「しょっぱ!」

 サレンはぐいっと飲んでしまったらしい。慌てて水筒の水を飲んでいた。

「ただの塩水だよ……」

「そうかもな」

 俺は、水に《鑑定》をかけた。すると、ただの塩水ではない。

〈アルカリ塩水〉

 緑色に浮かび上がった、その画面を見てピンと来た。

「鹹水だ!」

「かんすい?」

 サレンが小首を傾げる。

「麺を打つのに使われる水だ……ってことはだ」

「てことは?」

「そう……そうだ、ラーメンが食える!」

 俺はその場で飛び上がった。

「ソラ、ラメン、ナニ?」

「ラーメンだ、ラーメンだよ!」

 めちゃくちゃ懐かしい。この世界は食材が豊富だし、町には料理人もやってきた。しかし麺類だけはどこを探してもないし、材料も揃わなかったのだ。

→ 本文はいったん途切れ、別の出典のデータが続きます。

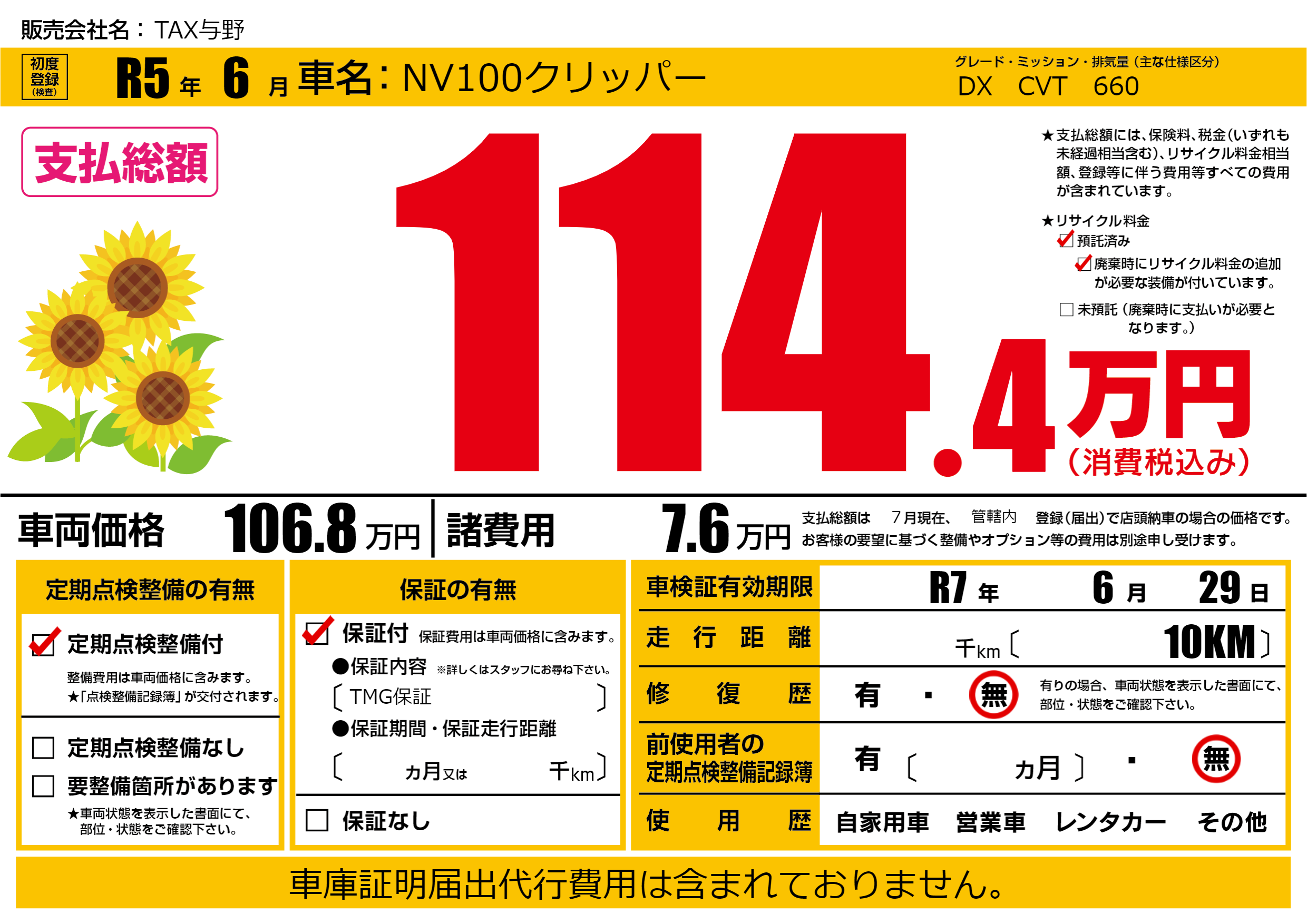 保証付き 保証内容(TMG保証) ---ヶ月または()千kmまで |

「ミュウ! サレン! 俺はしばらく百貨店の厨房に籠もる!」

 俺は急いで町に戻ると、百貨店の料理人に声をかけた。

「どうしました、そんな息せききって」

「俺と一緒に研究をしてください! 一緒にラーメンを作りましょう!」

「ラ……メン……?」

 俺は料理人にラーメンについて説明する。言葉はいくらでも出てきた。食感に、味に。料理人は興味深そうに俺の話を聞いてくれた。

「もしそのラメンが完成すれば、うちは大賑わいだ!」

 こうして研究が始まった。

 鹹水の割合、生地の作り方、麺の打ち方――。

「ピザ生地の技術が、ある程度応用できるかもしれん。だが、挑戦としてはまったく新しいものだ。腕が鳴るぜ!」

 それから厨房に籠もりっきりで、俺たちはラーメンの研究に取り組んだ。

 そして一週後。

 俺は鳥の骨から取ったスープに、茹でた麺を入れた。麺作りの合間を縫って、スープの研究も進めていたのだ。鳥ガラ、悪魔の森の岩塩。魚の練り物に花の色素を混ぜて、ナルトも作った。イッカクシカの肉は柔らかく、これはチャーシューに適している。

 このスープだけでも店に出せると料理人は言うのだが、俺は――俺はラーメンが食べたい!

 これで何度目か、もうわからない。けれども、こんどこそ。俺はそっと、麺をすすった。

「………………!」

 あの感覚がよみがえる。大学の近くにある有名店。学生は大盛りが無料だった。ときには行列もできる――そんな店の。